After Knisely’s resignation from WVPB was revealed for the first time by The Parkersburg News and Sentinel last week, both Republican Senate President Craig Blair and Democratic Party Chair Mike Pushkin described the circumstances surrounding her leave as “disturbing.”

Knisely’s coverage of “the glaring issues at DHHR” was “detailed, in depth, and most importantly true.” according to Pushkin.

Blair commented on Twitter on December 29: “There’s a very clear difference between not liking what the media reports and actively working to silence them,”

In September, Knisely was hired as a part-time reporter at WVPB. In November, she received a copy of an email from former DHHR Secretary Bill Crouch alleging mistakes in a report and requesting a “complete retraction.”

This never occurred, but at the beginning of December, Knisely reported that WVPB news director Eric Douglas informed her that she could no longer cover DHHR due to threats by state officials to discredit the station.

In response to rising criticism, Crouch announced his resignation one week later.

Douglas stated to The Associated Press that he was directed by Antolini to inform Knisely that she would no longer be reporting for DHHR.

Regarding DHHR officials’ threats to discredit WVPB, he stated, “I’d rather not comment on that.”

Knisely filed a complaint with human resources on December 15 regarding interference with her reporting.

According to emails obtained by the Associated Press and initially published by The Parkersburg News and Sentinel, Knisely’s press privileges for the 2023 legislative session escalated later that day.

Douglas first notified legislative employees that Knisely would “serve a vital role” in WVPB’s coverage of the 2023 legislative session. The chief operational officer of the station omitted him from an email stating that she would not require credentials after all.

This upset Senate spokesperson Jacque Bland, who contacted Douglas through email to inquire about it.

She said, “It feels kind of gross and shady to me that someone else would dip in and say that one of your reporters won’t have any assignments related to the session,”

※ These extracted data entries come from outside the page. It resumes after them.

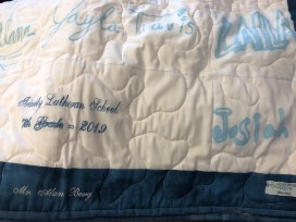 7th grade class handmade priceless memory quilt made by Mrs Berg.
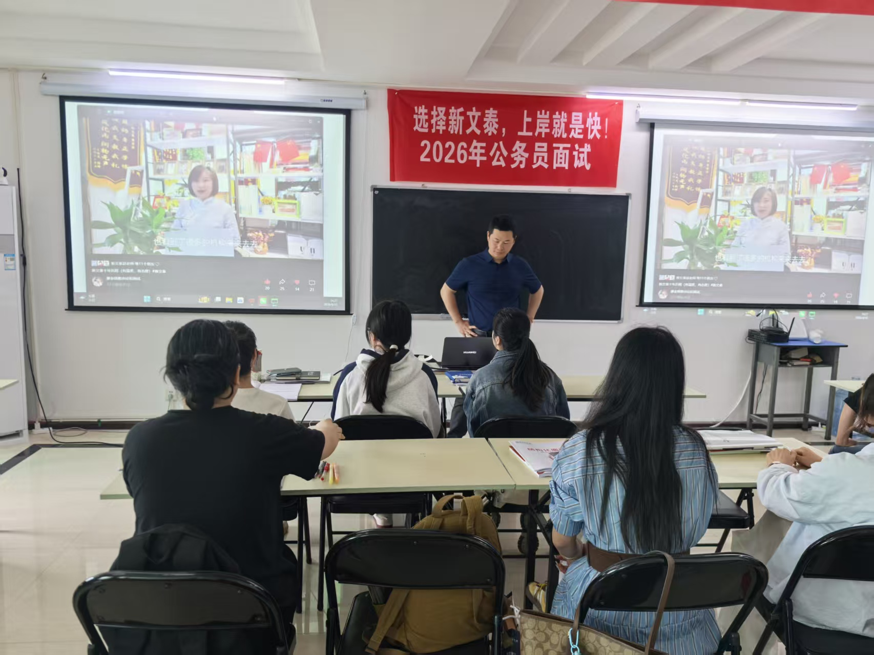 为了助力广大考生精准把握公务员面试考情,全面提升面试应试能力与综合素养,顺利圆梦公考。4月15日下午,新文泰教育2026年贵州公务员面试专项培训班隆重开班,众多怀揣公职梦想的考生齐聚一堂,开启一场面试备考冲刺之旅。
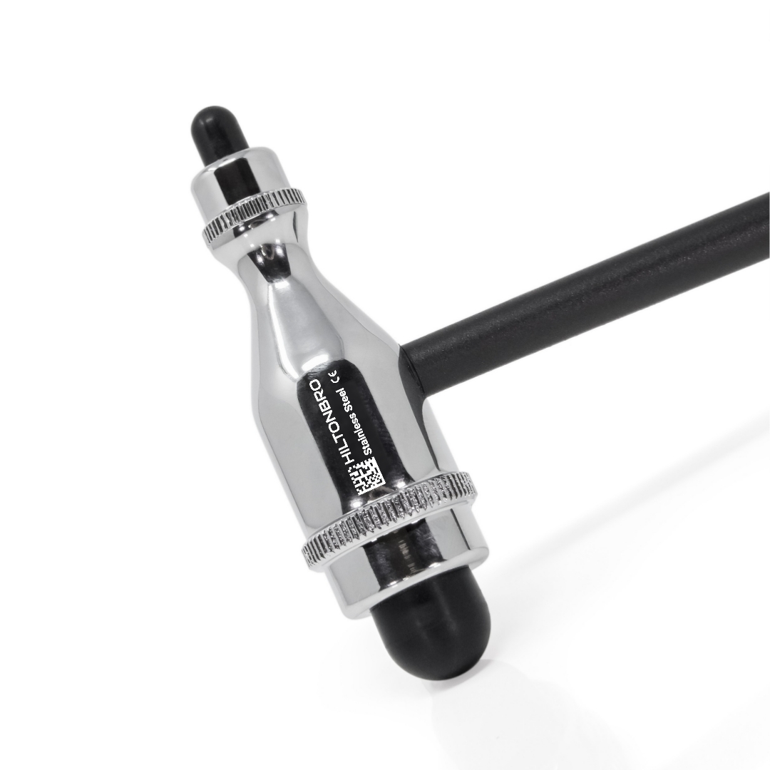 The HILTONBRO Tromner Hammer > Light > HDP Handle (aka Tromner or Troemner) is a versatile 4-in-1 dual mallet-type reflex hammer designed for eliciting myotatic and cutaneous responses in adult and pediatric patients. The ergonomic HDP handle lends the hammer a lighter weight while providing the user with greater control during percussion. This updated design is based on the classic reflex hammer invented by Ernst L.O. Trömner, MD, a director of the Neurological Hospital at St. Georg and professor at the University of Hamburg.
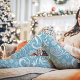 Blue and White Winter Swirl Christmas Leggings
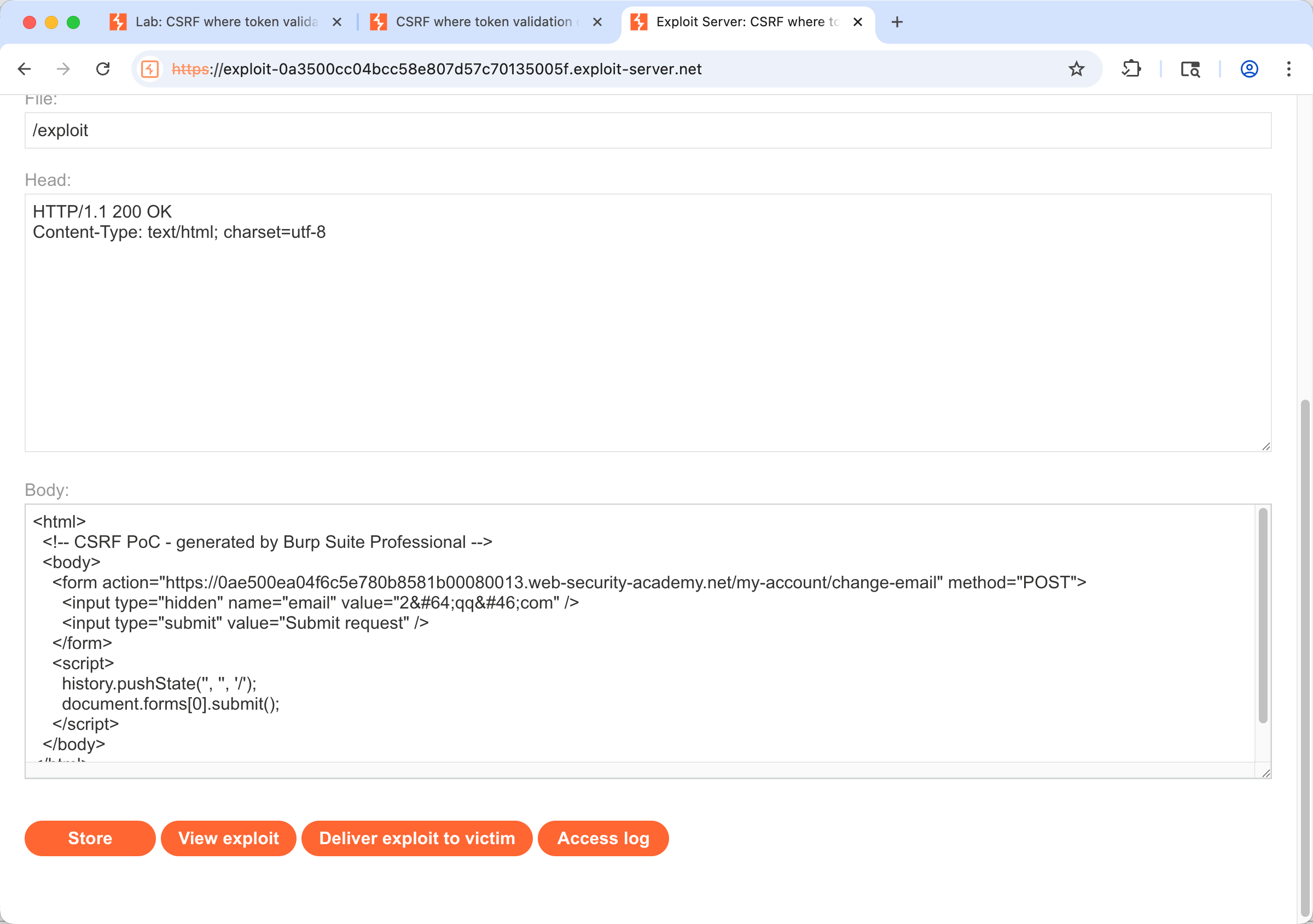 - 访问靶场的 “漏洞服务器”,将上述 HTML 粘贴到 “Body” 中,点击 “Store”;
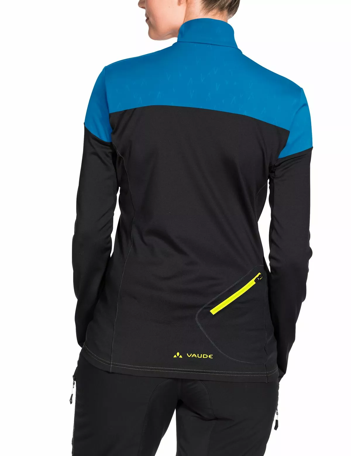 Cykeltrøje til kvinder fra Vaude som kan bruges året rundt. Trøjen har forskellige zoner hvor den er vindtæt på de udsatte steder, mens den er gjort åndbar andre steder, så man kan ånde i den i lunt og tørt vejr.
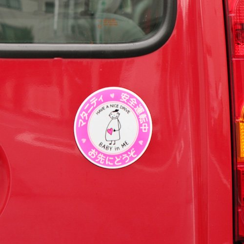妊娠中の慎重&安全運転をマタニティのシンボルマークBABY in ME(R):ベイビーインミーのイラストが、後続車にやさしくメッセージします。取り扱いが気軽なマグネットタイプです。BABY in MEは、日本助産学会からもご推薦いただいています。BABY in MEについて詳しくは、公式サイトをご覧ください。
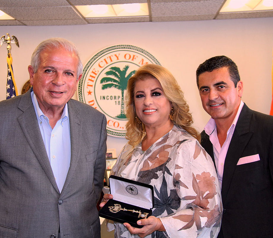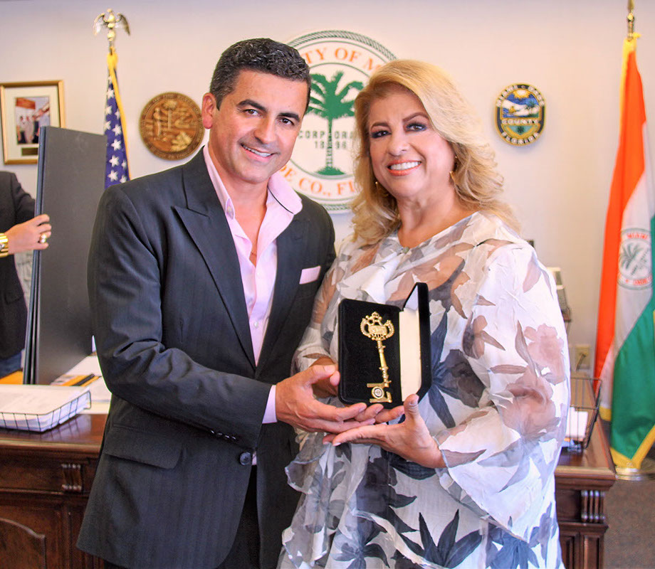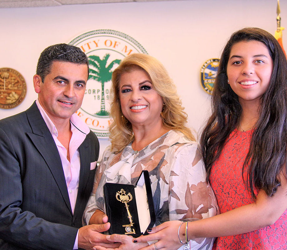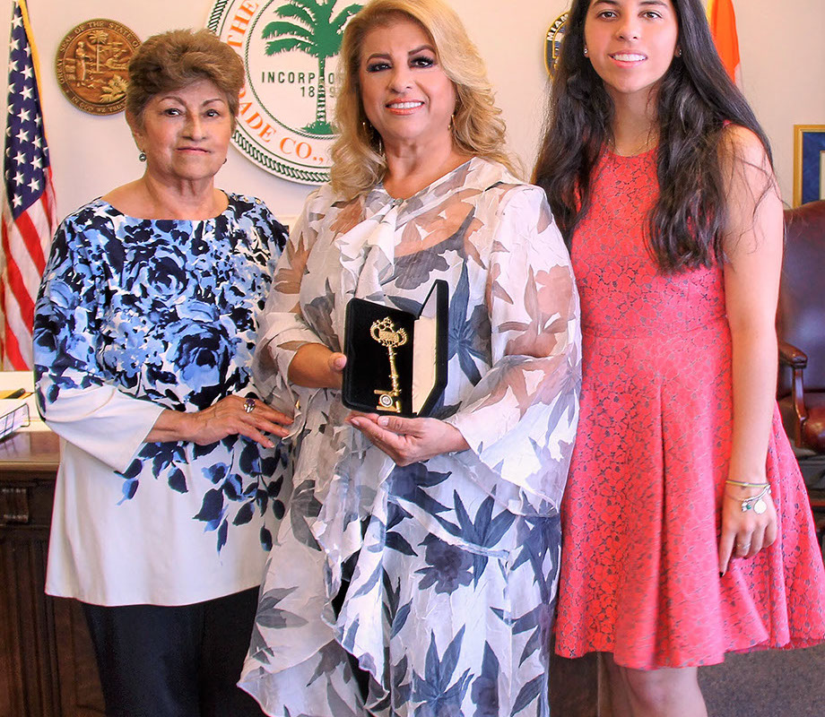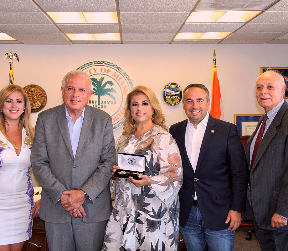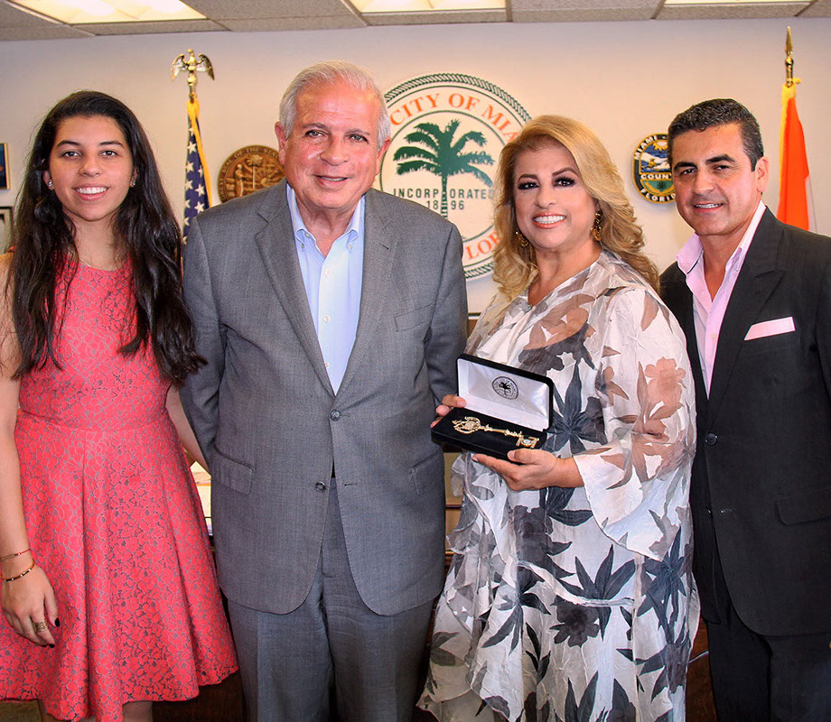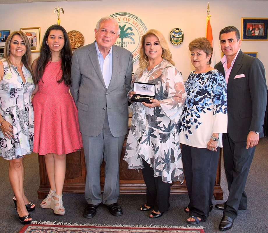 En una ceremonia privada en las oficinas del alcalde de la ciudad de Miami, Tomas Regalado. Se le entregaron las llaves de la ciudad a Gloria Hincapie, en compañia de sus familiares y amigos, por los 30 años de vida profesional y su aporte a la sociedad de Miami

She continued, “I definitely wanted you to be aware that Butch and Pals were trying to stick their fingers in the pie.”

The following day, Douglas responded that he had been summoned to Antolini’s office and informed that “things had changed with Amelia.” He stated that he did not appreciate WVPB leadership acting behind his back, but that he had no control over the situation.

“And you’re right, it does feel gross and shady,” he wrote.

Knisely reported receiving notification on December 20 that part-time roles were being removed. During this time, her email and key card were deleted.

This week, Knisely announced on Twitter she was hired by the Beckley-based newspaper The Register-Herald to report on West Virginia’s upcoming legislative session. She stated that her coverage will encompass developments at the state Department of Health and Human Resources.